The measurement of SOD activity was based on the inhibition of the radical superoxide reaction with adrenalin as described by McCord and Fridovich [17]. In this method, SOD present in the sample competes with the detection system for radical superoxide. One SOD unit is defined as the amount of enzyme able to slow down the speed of adrenalin oxidation in 50%. The oxidation of adrenalin leads to the formation of a colored product adrenochrome that might be detected by spectrophotometry. SOD activity was determined by measuring the speed of adrenochrome formation observed at 480 nm in a reaction medium containing glycine-NaOH (50 mM, pH 10.0) and 1 mM adrenalin. Specific activity was expressed as SOD units per mg of protein.

Glutathione S-transferase (GST) assay

GST activity was measured as described by Habig et al. [18]. Freshly prepared cell lysate (25-50 μl) was mixed in a cuvette with 1 ml of GST assay buffer containing either 1 mM chloro-2,4-dinitrobenzene (CDNB) and 1 mM reduced glutathione [GSH] or 1 mM 4-nitrobenzylchloride and 5 mM GSH in 0.11 M sodium phosphate (pH 6.5), and incubated at room temperature. The absorbance (CDNB 340 nm; 4-nitrobenzylchloride at 310 nm) was measured at timed intervals, and the specific GST activity of each lysate was determined from the change in absorbance considering measurement timing (min) and amount of protein (μg). GST was calculated as nmol GSDNB per min per mg of protein.

Reduced glutathione (GSH) content

GSH is the most important non-enzymatic antioxidant present in the cell. GSH levels were measured according to Browne and Armstrong [19], which is based on the reaction of GSH with the fluorophore o–phthaldehyde (OPT), using the sample by deproteinization with metaphosphoric acid. Then, 150 µl of the sample was incubated with an equal volume of o–phthaldehyde (1 mg/ml of methanol) by 15 min at 37˚C. Fluorescence was measured using excitation of 350 nm and emission of 420 nm wavelengths. Calibration curve was performed using standard GSH (1 mM), and tissue supernatant concentrations were expressed as nmol of GSH per mg of protein.

Non-protein thiols (NPSH)

Tissue non-protein thiols were determined as previously described by Ellman [20]. Briefly, an aliquot of the homogenized tissue supernatant (1:10 w/v) was diluted (1:1) with 10% TCA, vortexed, and centrifuged at 2,000 g for 10 min. Subsequently, the supernatant was mixed with 250 µM of DNTB in a final volume of 2 ml, and the absorbance was read at 412 nm. A cysteine solution was used as reference. NPSH were expressed as µmol SH/g of tissue.

Protein levels

The protein content was measured colorimetrically according to the Lowry method [21] using bovine serum albumin (1 mg/ml) as the standard solution.
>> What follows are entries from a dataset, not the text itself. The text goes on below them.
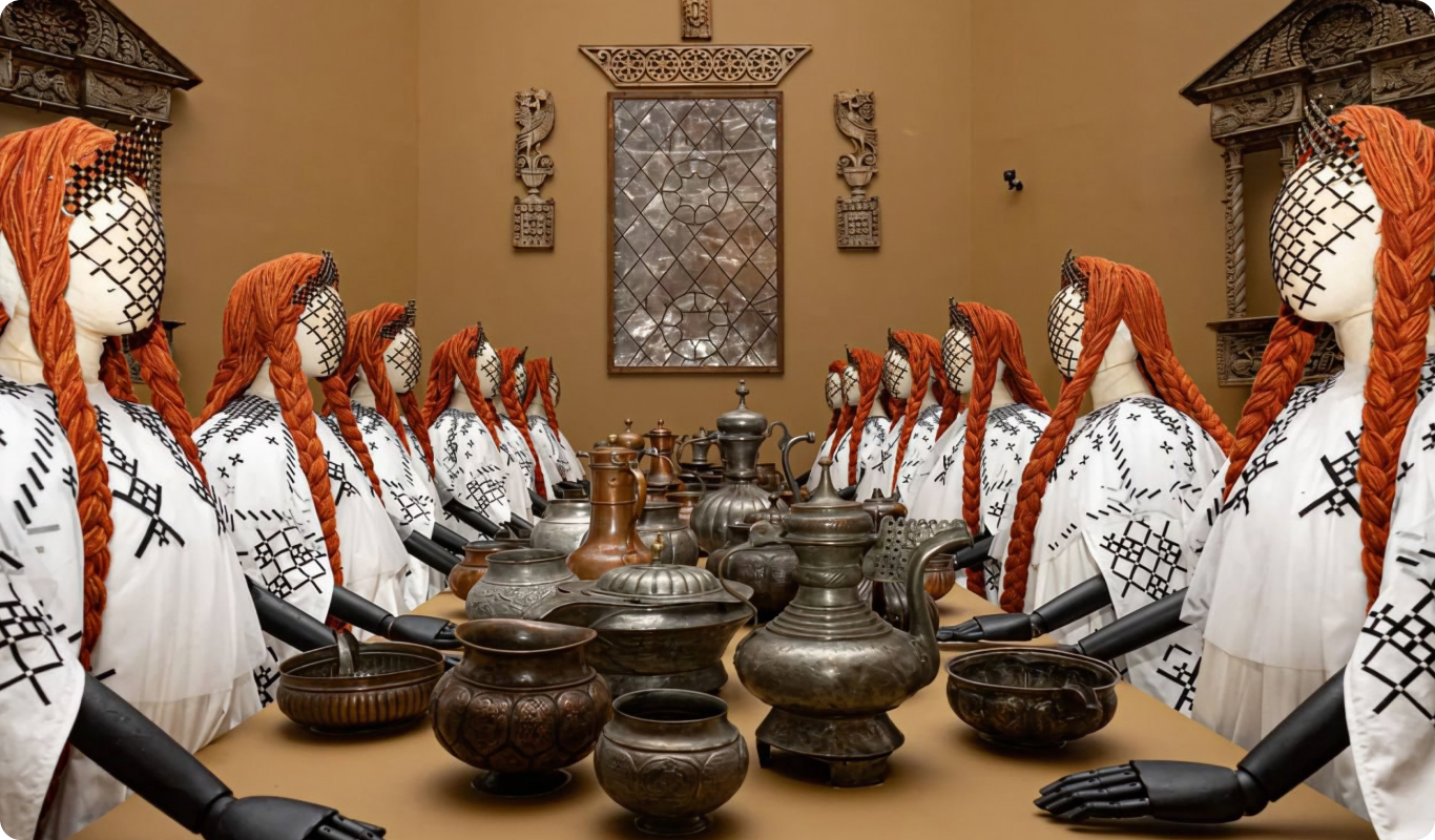 Экспозиция выстроена по законам сна: здесь легко встретить волшебных царевен, птицеподобных дев, былинных героинь и женские образы, сливающиеся с природными стихиями. Выставочное пространство собрано из предметов декоративно-прикладного искусства: резных наличников, кованых сундуков, изразцов, старинных инструментов, кокошников и металлической утвари. Все это не музейная реконструкция, а живая среда, где прошлое спокойно сосуществует с авторской фантазией.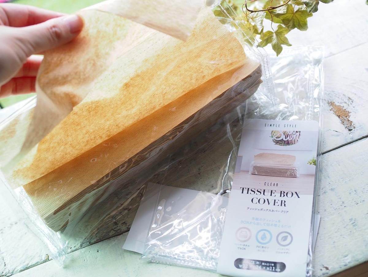 シンプルなクリア素材のティッシュボックスカバーですが、今まで100円ショップには無かったようなペーパタオルの収納にも使えるサイズなんです。
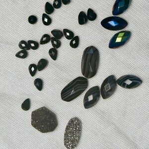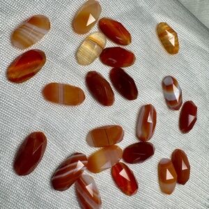 A lot of smaller cut red & orange carnelian banded, black onyx agate & black Czech glass gemstones for jewelry making. There are also a silver marquis & a black hexagon druzies. These other shapes are oval faceted & flat plus tiny pear sizes. 1/4 to 1/2 inches are approximate sizes.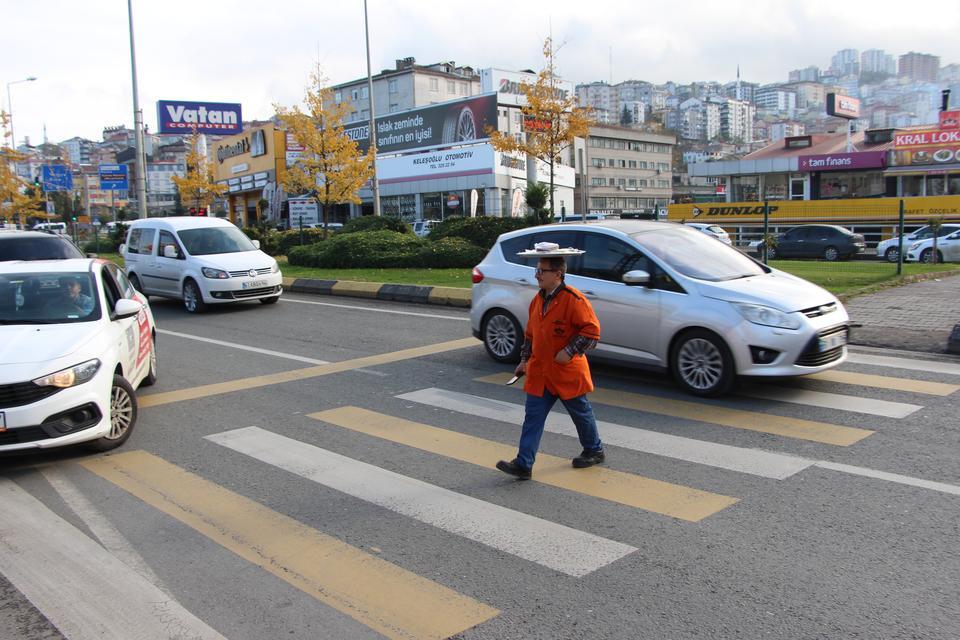 Kafasının üzerinde taşıdığı yemek tepsisi ile yoldan karşıdan karşıya geçerken bir kaç kez kaza da geçirdiğini dile getiren Yıldırım, “Görenler bu tepsiyi nasıl götürüyorsun, düşürmüyor musun diyorlar. Bende düşürse parası cebinde hazır diyorum.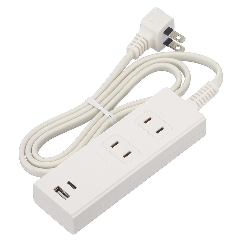 - 2個口タップ PD対応Type-C/Type-Aポート付き 1m ホワイト [品番]00-1001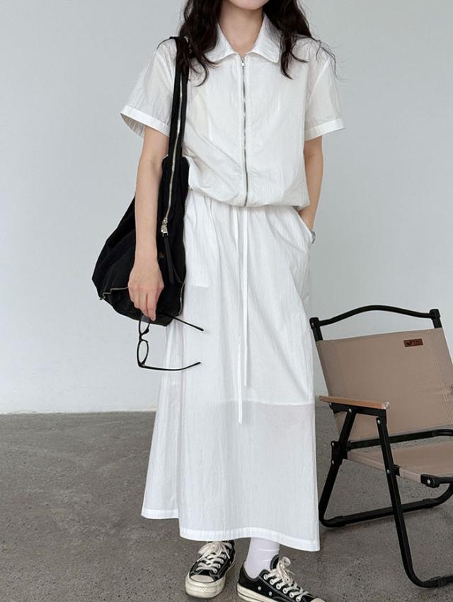 セットアップ レディース スカート 上下セット パーカー カジュアル 春 夏 ロングスカート ジップアップ 半袖 きれいめ ジャージ 2点セット トップス ゆったり 体型カバー リラックス ボトムス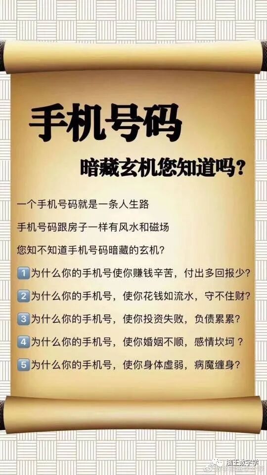 所以以前每班都有很多风水师来学习数字传说也就理所当然。朋友,如果你在众多的数字预测之间难于抉择,请你首选数字传说。因为有许多学过其他数字的人,因为不满意又回过头来学习电话号码预测,他们中有人学了电话号码预测后,晚上乐的睡不着觉;如果你还没有学过任何易学预测,或者学了多年周易预测目前还是一团雾水,到今天还不能预测,请您选择数字传说,因为它简单易学,又预测准确,而且改运有准。如果你实践了多次,通过风水改运后不见效果,和你在风水书中描述的神奇效果大相径庭,或者你被所谓的风水大师所骗,花了很多冤枉钱,于是你大骂周易都是骗人的,已对易学失去信心的话,请你再给自己一次机会,选择数字传说,因为她是可以让你看到改运效果的真正绝学。一个人如果长期使用一个手机号码,这个号码会影响使用者的运势。好的号码能够对人起好的诱导作用,并给人带来好运;而不好的号码也会给使用者带来坏运。一个手机好码是好是坏主要看最后四位数,由于最后四位数反映了使用者本人的信息,前面的一般反映的是批号信息或地区信息。当然号码的信息对车牌号,甚至门牌号也同样适用。天价号码隐藏的无形杀手据网上流传的消息,有少数人在炒高价号码,十分吸人眼球。于是,有人就花了高价买了这些所谓的好号码。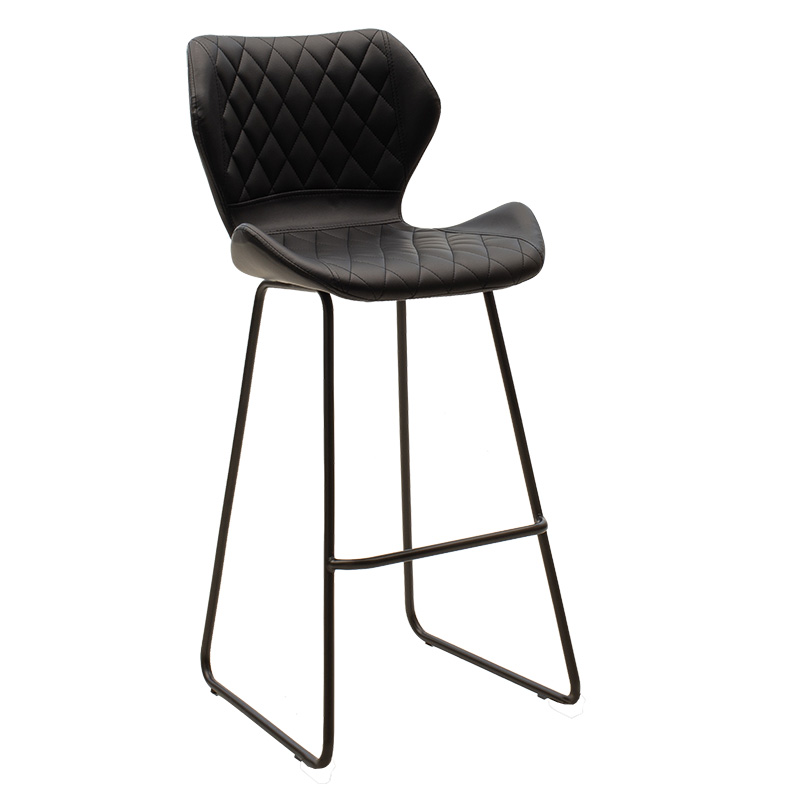 Σκαμπό μπαρ Theo pakoworld μεταλλικό μαύρο με PU μαύρο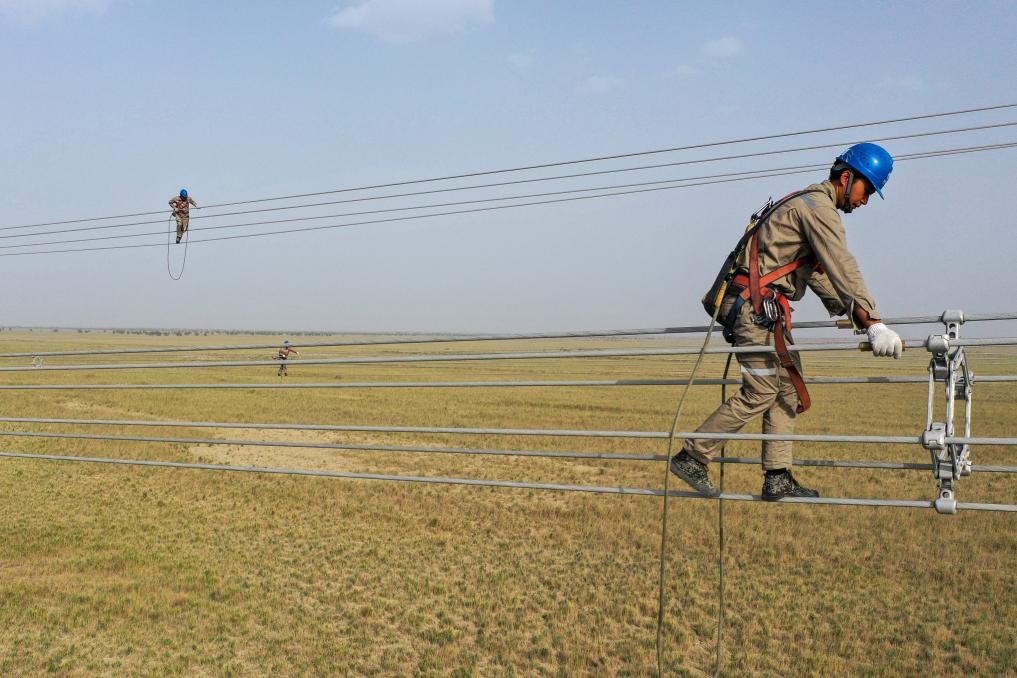 施工人员在且末-若羌750千伏线路开展走线消缺工作(6月24日摄,无人机照片)。新华社记者丁磊摄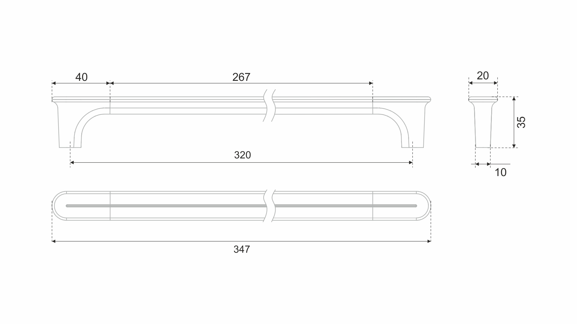 Ручка выполнена в размерах 320 мм, 480 мм и 960 мм. «Метровая» версия CREATICA разработана специально для вертикального размещения на габаритных фасадах. Скобы с МЦ 320 мм и 480 мм могут быть установлены как вертикально на высоких шкафах, так и горизонтально – на широких модулях.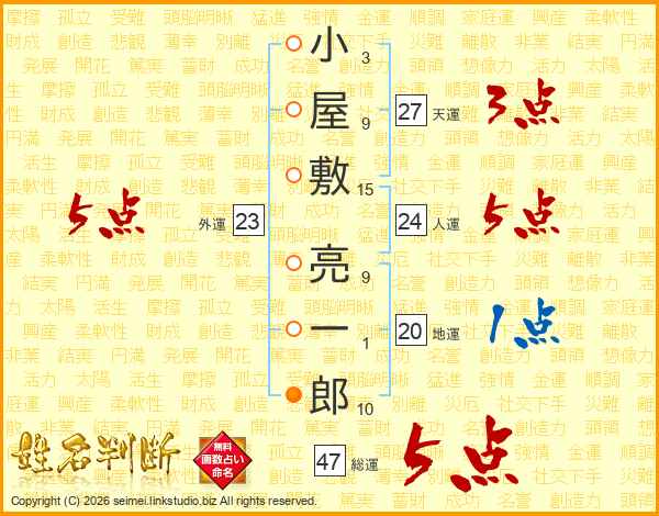 小(3画)屋(9画)敷(15画) 亮(9画)一(1画)郎(10画)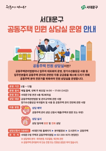 ▲ 서대문구 공동주택 민원 상담실 운영 안내문 |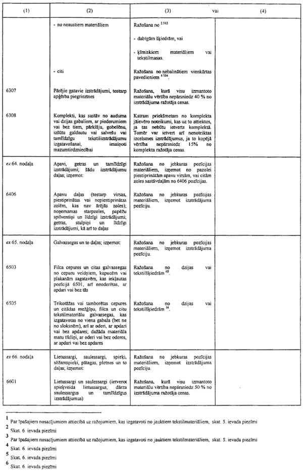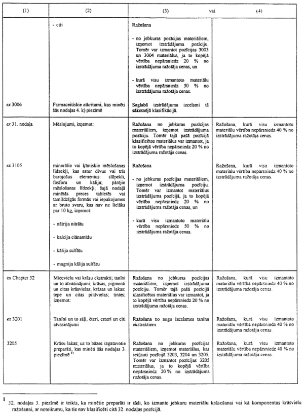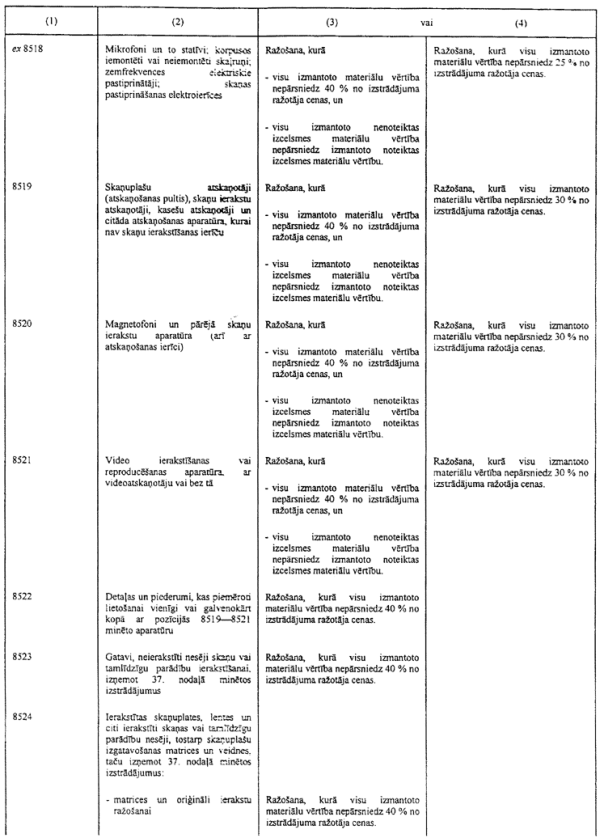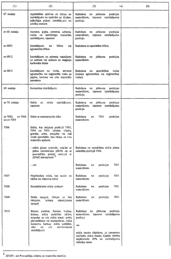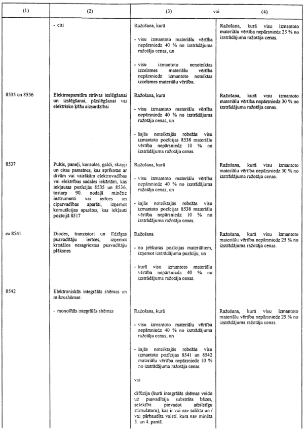 3) ir jāgroza dažas prasības attiecībā uz nenoteiktas izcelsmes materiālu pārstrādi, lai tie iegūtu noteiktas izcelsmes statusu, ņemot vērā to, ka daži materiāli Nolīguma dalībvalstīs netiek ražoti, kā arī īpašos dažu izstrādājumu ("monolītas integrālās shēmas") ieguves apstākļus, kas saistās ar ierobežotu apstrādi ārpus Nolīguma dalībvalstīm;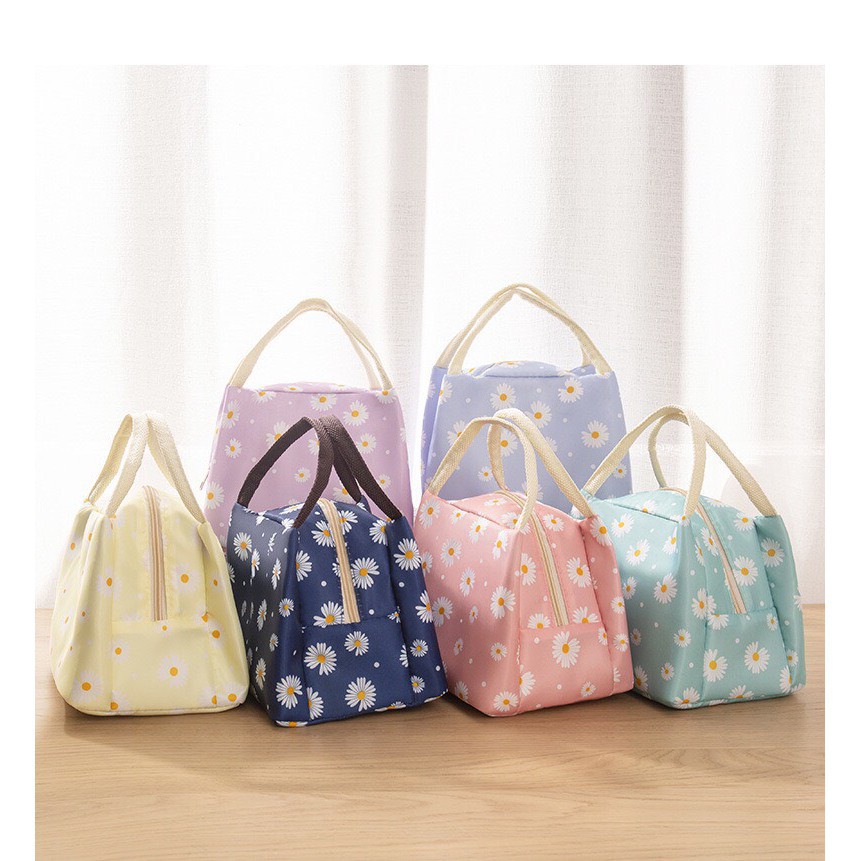 Túi giữ nhiệt hoa cúc đựng hộp cơm văn phòng chống nước có lớp giấy bạc dày dặn giữ nhiệt cực lâu

Small sections of the left ventricle were collected and stored in 10% buffered formalin solution. Sagittal sections of every 3 mm were obtained and stained with hematoxylin and eosin (H-E).

Statistical analyses

The data set was tested for normality by the Kolmogorov-Smirnov test, and transformed into logarithm when they were not normally distributed. Then, determination of TBARS, SOD, GST, GSH, and NPSH levels was subjected to bilateral Student's t-test for independent samples to verify the differences on the data set. Results were considered statistically different when P<0.05.


T. evansi infection

T. evansi was detected in peripheral blood of all infected rats at day 2-3 PI. Infected animals showed an average of 14 trypanosomes/field at 5 day PI. Fifteen days PI, infected animals had an average of 20 trypanosomes/field. The uninfected groups remained clinically healthy throughout the experimental period (Fig. 1).

TBARS levels

Cardiac TBARS values are shown in Fig. 2A. The TBARS levels increased (P<0.05) in the infected group on days 5 and 15 PI compared to the control group.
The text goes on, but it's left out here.